Helen Maria Williams
In 1784, under Kippis’s guidance, Williams wrote Peru, a long poem in six cantos, which detailed the results of Spanish colonialism on the indigenous people of South America. Her next collection, Poems, published in 1786, demonstrated her abilities as a social critic and an advocate of feminine sensibility; its poems vehemently opposed war, slavery, religion, and Spanish colonial practices. Williams’s novel supporting the French Revolution, Julia, was published in 1790.
Once Williams had allied herself with the Girondists, she moved to Paris and primarily wrote letters and prose. She also hosted salons, entertaining such philosophers as Mary Wollstonecraft, Francisco de Miranda, and Thomas Paine. Thrown into a Luxembourg prison for her political beliefs, Williams was allowed to write sonnets and work on a series of English translations of French literature, most notably Jacques-Henri Bernardin de Saint-Pierre’s novel Paul et Virginie.

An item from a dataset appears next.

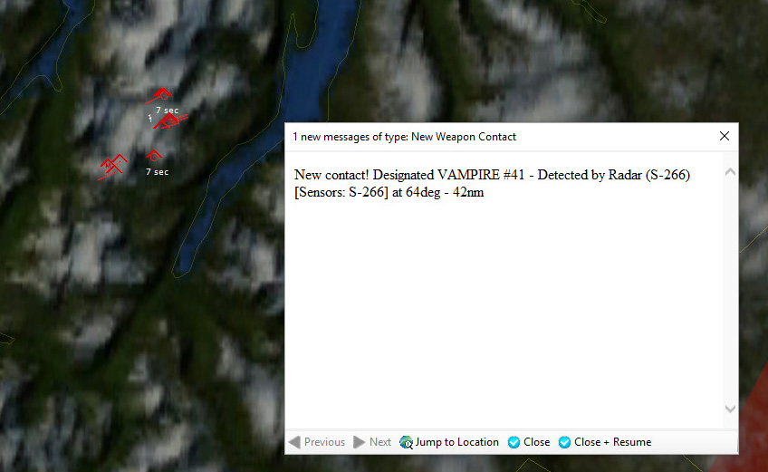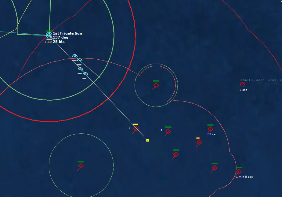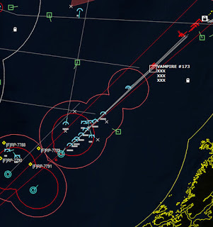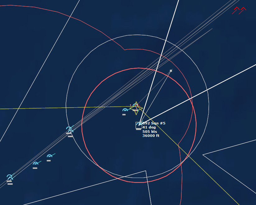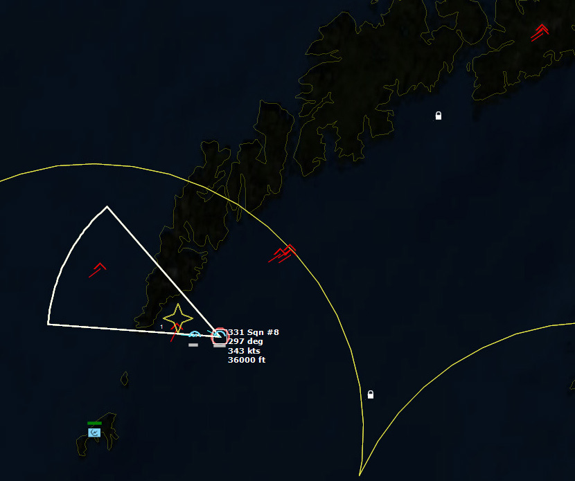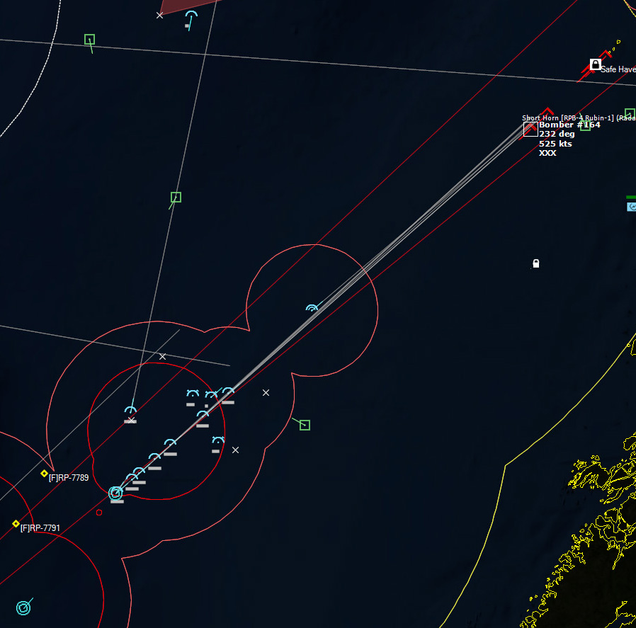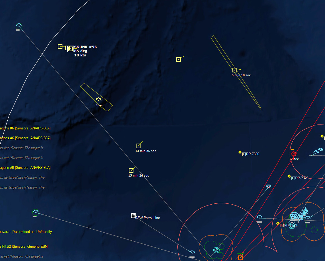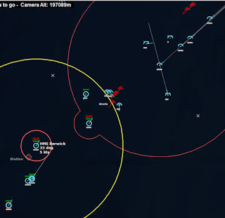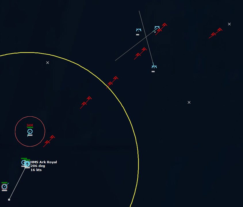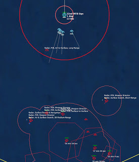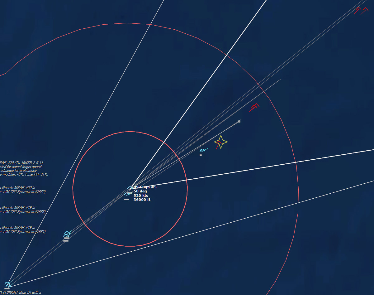 The last Bogey is eliminated153340Z Splash Three. Everyone breathes a sigh of relief.162037Z A Bogey is detected, and then another, but both are heading NW. This could be another raid. The CAP is diverted to intercept. Both contacts at 425kts.
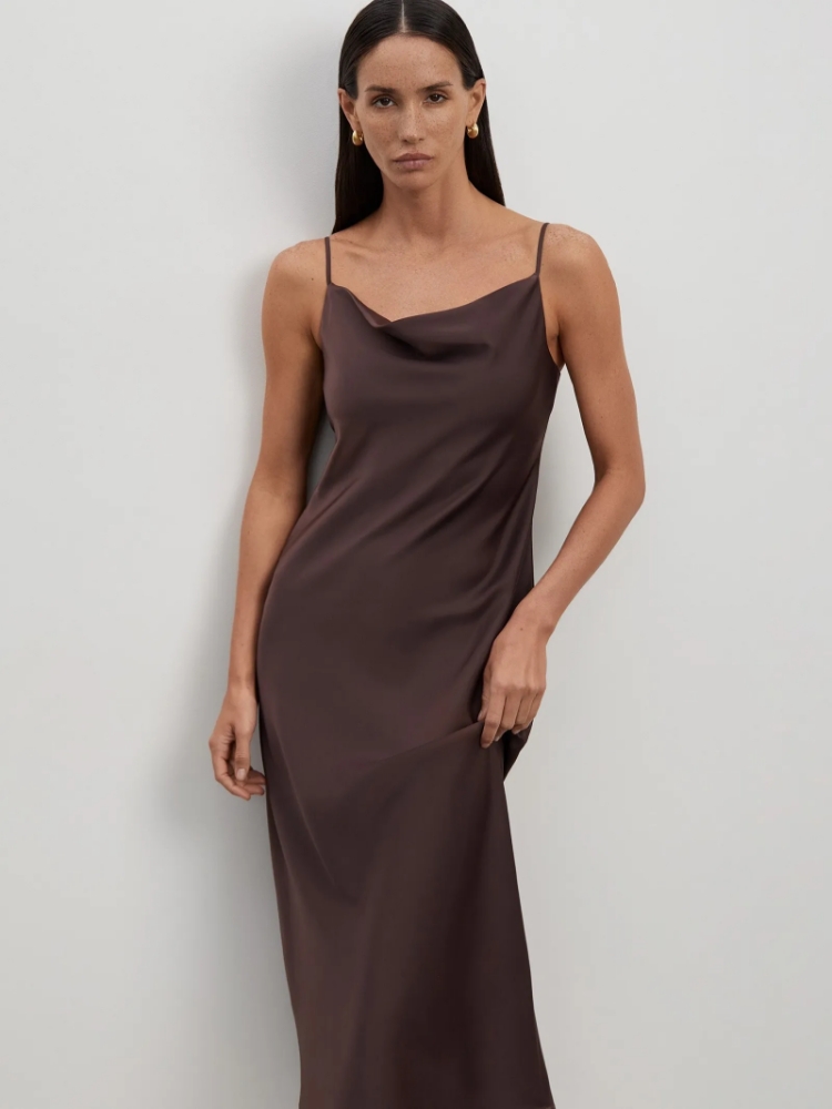 Платье-комбинация в цвете горького шоколада. Выполнено из струящегося материала с содержанием вискозы. Платье на тонких бретелях эффектно открывает спину. Акцент на зоне декольте создаёт вырез-качелька. Модель приталенного силуэта в длине миди выгодно подчеркнёт фигуру. Подойдёт для праздника и творческих мероприятий, а также впишется в повседневные образы в паре с жакетом или кардиганом. Платье можно стилизовать с объёмным кардиганом и обувью на плоском ходу или с однотонным жакетом и босоножками на высоком каблуке

Williams was eventually released from prison and fled to Switzerland for a short period before returning to Paris. She continued to write until Napoleon arrested her in 1802 for her poem Ode on the Peace of Amiens. Troubled by Napoleon’s imperial ambitions, Williams stopped writing for a period of time. She resumed her literary career in 1815, however, and wrote poems, letters, sketches, some short fiction, and translations until her death.